Sending and processing updates are both sub-linear in the number of group members because the number of computations depend on the height of the tree in the base case.

In the case of a very sparse tree, which we have in the bare case because every leaf only processed the welcome message, the performance of sending an update however is linear in the group size. When creating a commit for an update proposal the sender has to include a path and refresh the private tree. The following two flamegraphs show the difference between the base and the bare case. While it doesn’t show directly what’s going on, it can be seen that in the base case (first flamegraph) the new_with_keys function requires a lot more time relative to the rest of the replace_private_tree function. This is a strong indicator for where to look for the differences.

Looking at a tree with 300 leaves for example we have to encrypt 299 times (for every other leaf) in the case of a bare tree. In a fully updated tree however only 9 encryptions are necessary, one for each level of the tree. It is therefore expected that the performance of sending an update (with commit) in the bare case is linear in the group size.

Adding a user

Looking at the performance of adding a user and processing an add commit in the following graph we can again see the linear growth in relation to the number of group members. This is almost independent of the state of the tree. The operations appear to be slightly more expensive in a fully updated tree though.

Removing a user

Like updating, removing a user and processing a remove commit are linear in complexity in the base case as the following graph shows. Removing in a very sparse tree is significantly more expensive than in a fully updated tree. The reason is the same as for updating the tree. The remove information has to be encrypted to all other remaining participants in the tree.

Application messages

Sending and receiving application messages is essentially independent of the group size, as expected. Receiving the first message within an epoch has a small overhead compared to subsequent message as seen in the second graph. This should be negligible in practice though.

Analysis

First, the plain performance numbers tell us that the goal of the MLS charter of a protocol that scales well for large groups has been mostly. Depending on the state of the tree some operations might take longer than expected. However, this can be mitigated by the application ensuring that the tree is updated and shrunk regularly. Notably, the real world performance appears to be consistent with the theoretical expectations.

Technical background

The measurements are not done with any Rust benchmarking framework such as criterion. Due to the way criterion works there’s significant overhead in criterion. While the numbers in this post can be reliably reproduced a more thorough measurement framework

The flamegraphs are produced with pprof, a simple to use CPU profiler for Rust.
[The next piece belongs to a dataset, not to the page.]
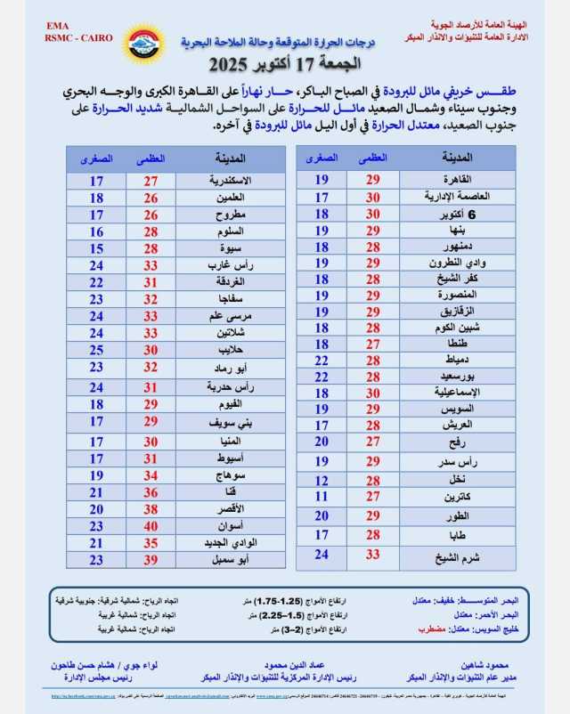 درجات الحرارة اليوم 17-10-2025درجة الحرارة في القاهرة .

All measurements were performed on this revision. To reproduce them check out the revision and run

for i in 2 3 4 5 6 7 8 9 10 20 30 40 50 100 200 300 400 500 1000; do \
    cargo bench --bench group -- $i; \
done

Conclusion & Future work

Measuring performance of a protocol as complex as MLS is pretty difficult. Without an application and elaborate test framework that can simulate many different scenarios it is only possible to get the basic numbers as shown here. While they give a good indicator towards the performance of the MLS protocol they are insufficient to claim any performance of real applications that use MLS.
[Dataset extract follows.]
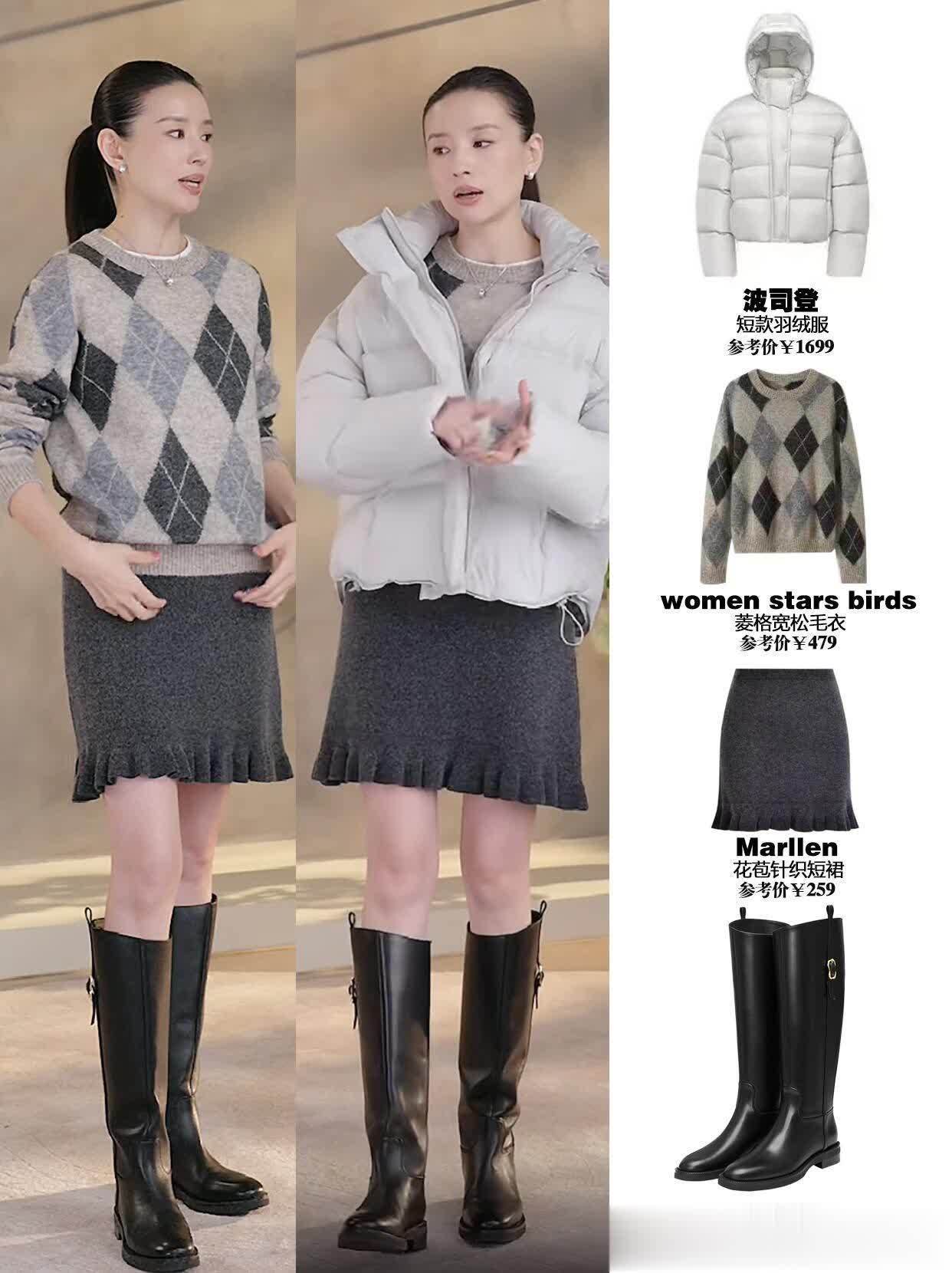 最让人觉得贴心的是她选的“老物件”,除了那只耳罩,还有条深棕围巾,她说“去年冬天就搭过大衣,今年配皮草照样好看”,这种一件配饰穿几年的思路,真的太适合普通人了。直播里她教大家叠穿小技巧:马甲别系太紧,留两指空隙显随性;穿长靴时袜子颜色比靴筒深一点,视觉上更显腿长;耳罩和围巾选同色系,看着就像精心搭过。

Nonetheless, the numbers show that the MLS protocol appears to allow for efficient, end-to-end-encrypted messaging in large groups. Sending and receiving application messages is independent of the group size while group operations are sub-linear in the group size in most cases.

When OpenMLS is further developed and we have a messaging client using it another set of measurements should be performed with real world usage scenarios in mind in order to investigate whether the performance we have seen here translates to efficient group messaging in an application. The MLS specification further leaves anything around authentication and authorization policies open to the application. These might be complex procedures and impact the MLS performance as well.